++++ Provided data

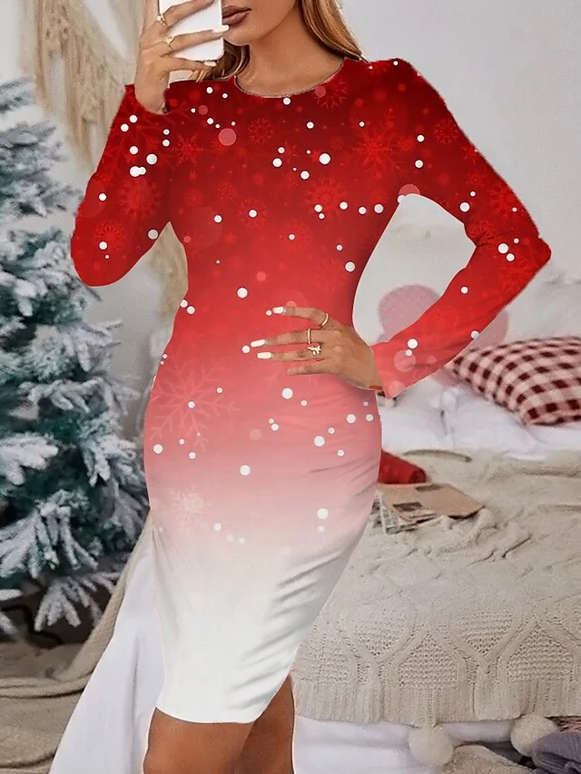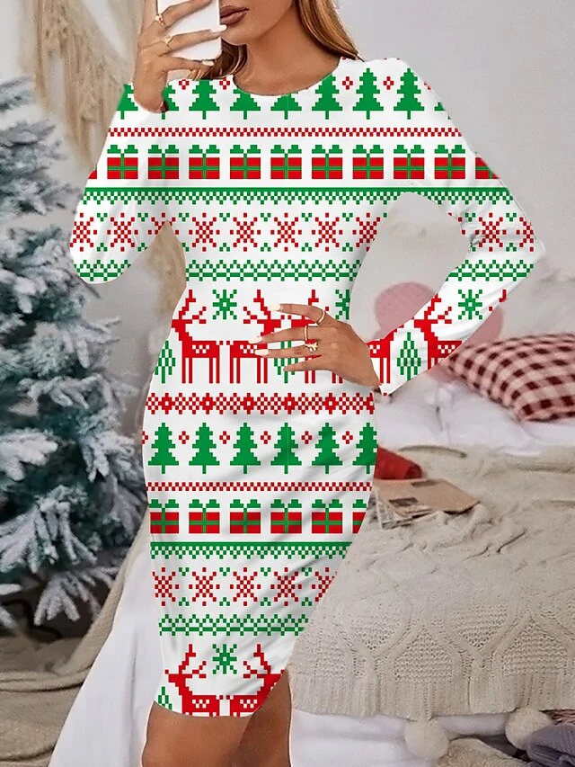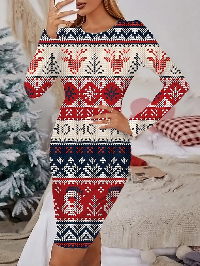 Women’s Christmas Casual Dress Print Dress Blue Light Red Red White Black Long Sleeve ElkTree Snowflake Print Winter Autumn Crew Neck Fashion Casual Fall Dress 2022 S M L XL 2XL 3XL 4XL 5XL 6XL
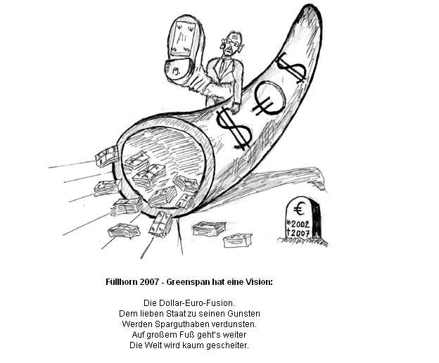 Erstmals bei einer Notenbank-Konferenz 1999, später auch in Dubai bei der Arabischen Liga sprach Greenspan "von einer grundsätzlichen Dollarkorrektur bis 2007" und weiter von einer "Vereinigung Dollar Euro zum Euro-Dollar", einer neuen Welt-Währung. Vielleicht bekommt man dann für 100 alte Euro nur noch 10 neue Euro-Dollar. Das ist eine arglistige Methode, um die Währungsschulden der Staaten abzuwerten und damit den Bürgern ihr Altgeld "zu entsorgen". Hauptgewinner in diesem ungleichen Monopoly wäre der US-Staat; dieser könnte mit einem Schlag seine Auslandsschulden von etwa 8 Billionen Dollar drastisch reduzieren, mit dem obigen Abwertungsbeispiel von 8 auf 0,8 Bio. oder auf 800 Milliarden. Nicht nur der Weltbürger, sondern alle Zentralbanken mit Dollarreserven würden zu den Gelackmeierten zählen.
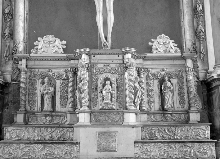 Autel, gradins d'autel (2), tabernacle (maître-autel, tabernacle architecturé), église paroissiale Saint-Caradec (Saint-Caradec-Trégomel),

++++++++

— Problem details —
Retype each line above exactly. Leave the images out.

— Answer area —
 Women’s Christmas Casual Dress Print Dress Blue Light Red Red White Black Long Sleeve ElkTree Snowflake Print Winter Autumn Crew Neck Fashion Casual Fall Dress 2022 S M L XL 2XL 3XL 4XL 5XL 6XL
 Erstmals bei einer Notenbank-Konferenz 1999, später auch in Dubai bei der Arabischen Liga sprach Greenspan "von einer grundsätzlichen Dollarkorrektur bis 2007" und weiter von einer "Vereinigung Dollar Euro zum Euro-Dollar", einer neuen Welt-Währung. Vielleicht bekommt man dann für 100 alte Euro nur noch 10 neue Euro-Dollar. Das ist eine arglistige Methode, um die Währungsschulden der Staaten abzuwerten und damit den Bürgern ihr Altgeld "zu entsorgen". Hauptgewinner in diesem ungleichen Monopoly wäre der US-Staat; dieser könnte mit einem Schlag seine Auslandsschulden von etwa 8 Billionen Dollar drastisch reduzieren, mit dem obigen Abwertungsbeispiel von 8 auf 0,8 Bio. oder auf 800 Milliarden. Nicht nur der Weltbürger, sondern alle Zentralbanken mit Dollarreserven würden zu den Gelackmeierten zählen.
 Autel, gradins d'autel (2), tabernacle (maître-autel, tabernacle architecturé), église paroissiale Saint-Caradec (Saint-Caradec-Trégomel),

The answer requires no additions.